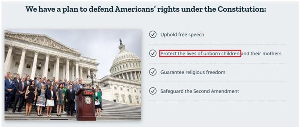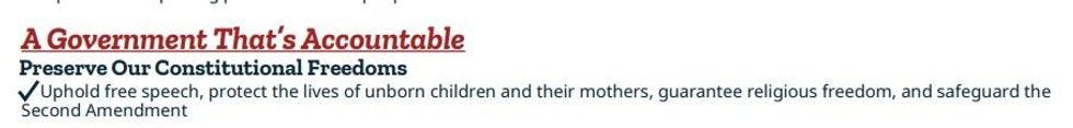 In the revised version of the agenda's outline, "protect the lives of unborn children and their mothers" is stuffed into the same line as free speech, religious liberty, and the Holy Second Amendment:
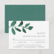 Projetado para coordenar com nossa coleção de casamento Botânica Pressionada, esta placa RSVP verde e branca da floresta dinâmica apresenta um primavera de uma vibrante folhagem botânica verde-esmeralda-aquática, que cobre a data de resposta desejada e aceita e declina a redação. Adicione suas opções de refeição ou insira as seleções abaixo.
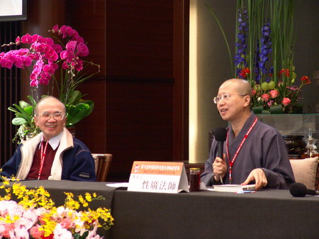 2011.3.13 第二場新書發表會,由李瑞全教授(左)主持,性廣法師(右)發表《圓頓止觀探微》。 |
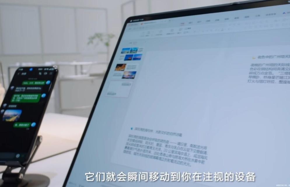 然后是跨设备互传,鸿蒙 6 推出了注视流转功能;
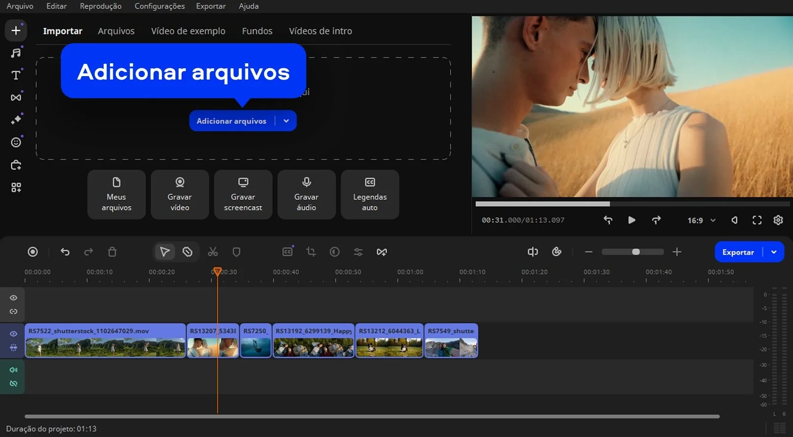 Abra o criador de filmes e clique em Adicionar arquivos. Escolha os vídeos e fotos que vai usar e arraste-os para a linha do tempo. Organize as cenas na sequência em que o filme deve acontecer.
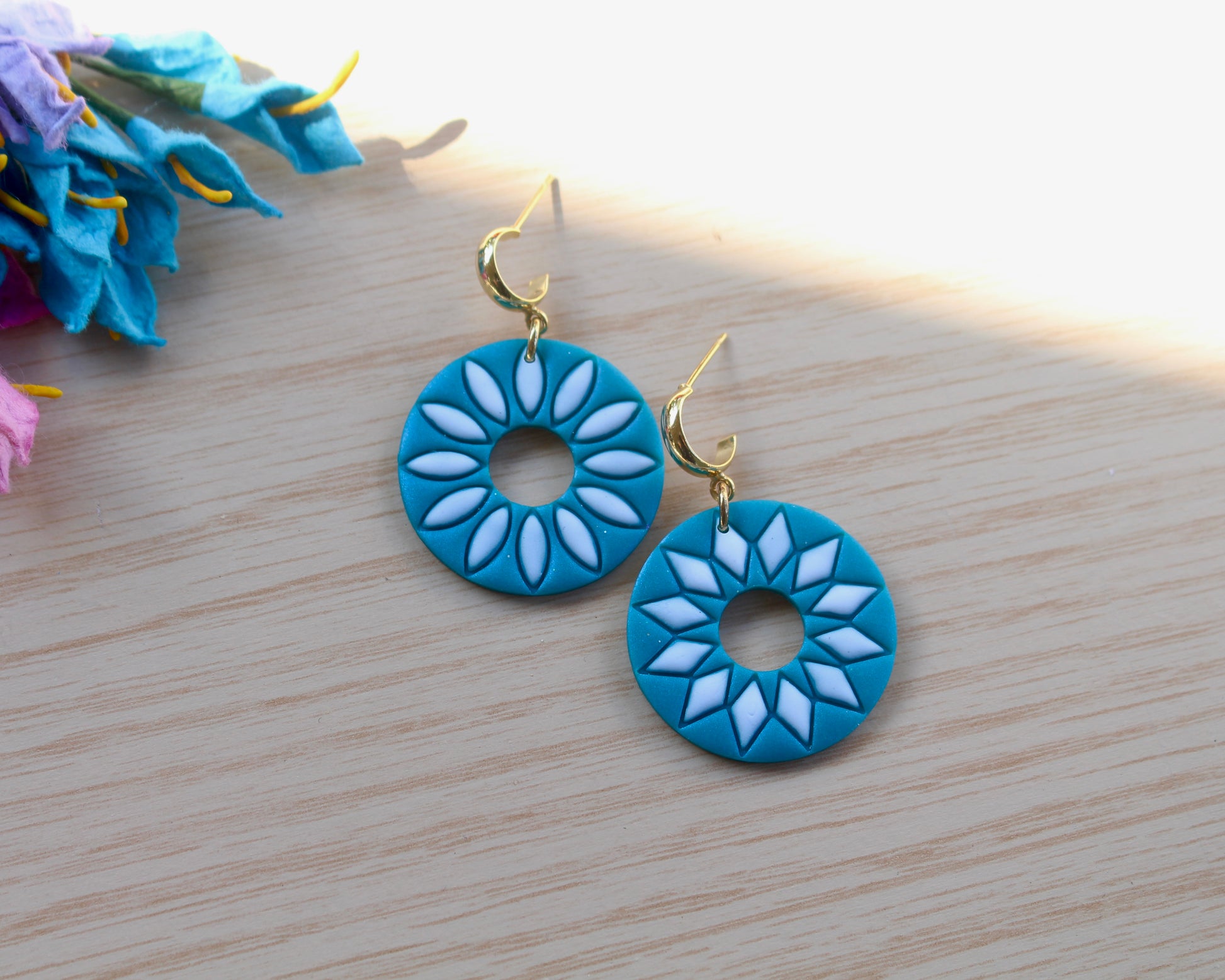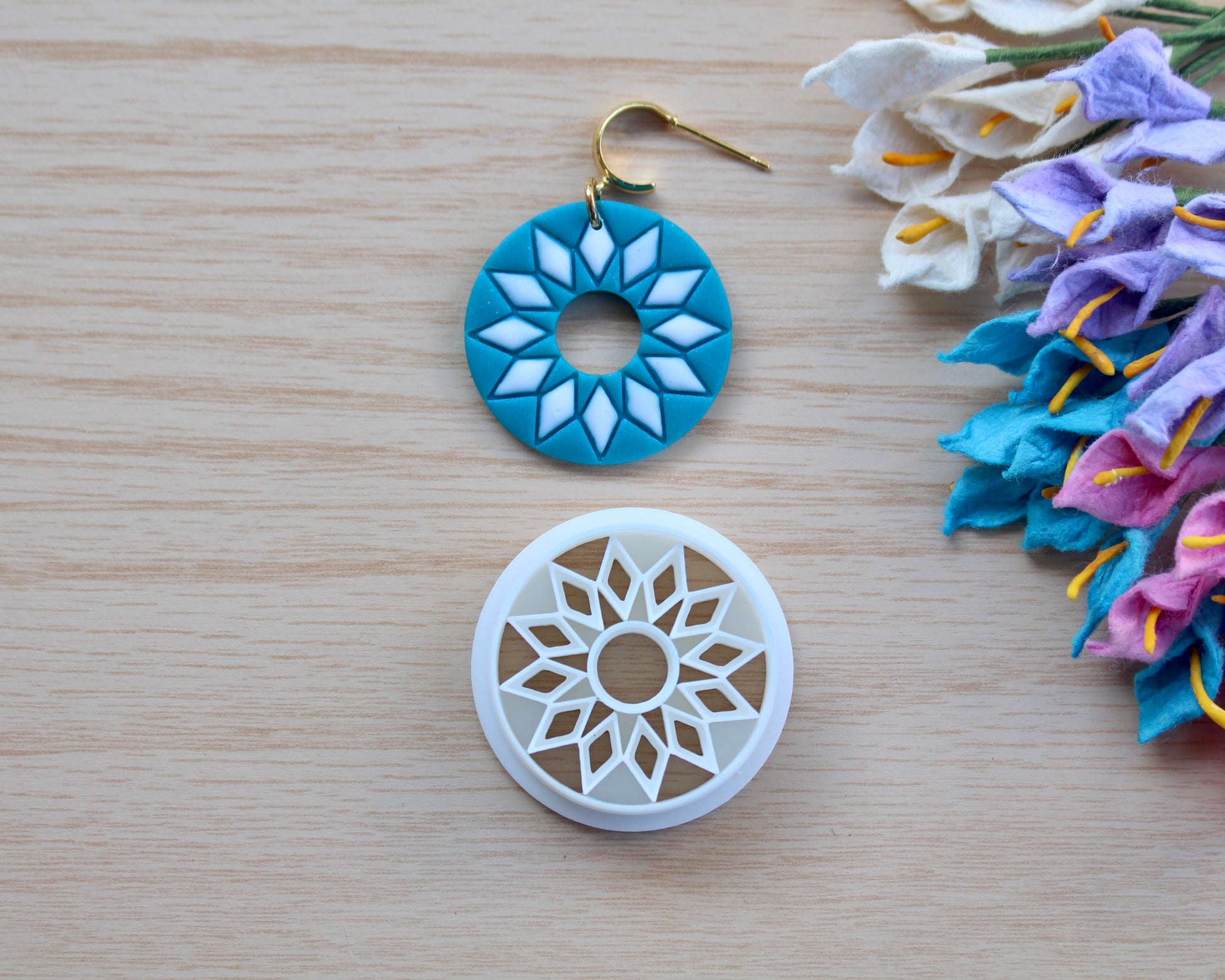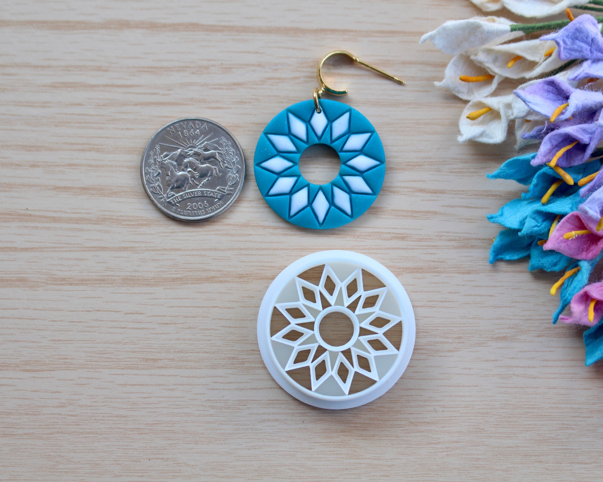 Design stunning celestial earrings and charms with this Star burst circle polymer clay cutter. Durable and precise, perfect for star-themed jewelry, keychains, and craft projects.
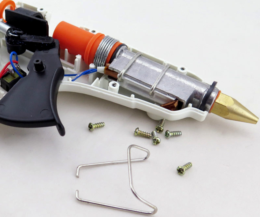Considering the design of a silicone gun, mention should be made of the thrust guide sleeve, which is a tubular receiver located directly in front of the heat chamber. Its function is to seal the "reverse direction", which prevents melt from entering the inside of the gun. This part is the weakest link, since rubber ages and cracks over time, and during overheating it can let the material pass through, stopping the moving parts. This leads to damage to the insulation of the wires, which can eventually cause a short circuit.

**Exercise objective**
What is needed is an exact copy of the lines from the start of the records through the line containing "Design stunning celestial", with no pictures.

**Solution to this task**
 In the revised version of the agenda's outline, "protect the lives of unborn children and their mothers" is stuffed into the same line as free speech, religious liberty, and the Holy Second Amendment:
 Projetado para coordenar com nossa coleção de casamento Botânica Pressionada, esta placa RSVP verde e branca da floresta dinâmica apresenta um primavera de uma vibrante folhagem botânica verde-esmeralda-aquática, que cobre a data de resposta desejada e aceita e declina a redação. Adicione suas opções de refeição ou insira as seleções abaixo.
 2011.3.13 第二場新書發表會,由李瑞全教授(左)主持,性廣法師(右)發表《圓頓止觀探微》。 |
 然后是跨设备互传,鸿蒙 6 推出了注视流转功能;
 Abra o criador de filmes e clique em Adicionar arquivos. Escolha os vídeos e fotos que vai usar e arraste-os para a linha do tempo. Organize as cenas na sequência em que o filme deve acontecer.
 Design stunning celestial earrings and charms with this Star burst circle polymer clay cutter. Durable and precise, perfect for star-themed jewelry, keychains, and craft projects.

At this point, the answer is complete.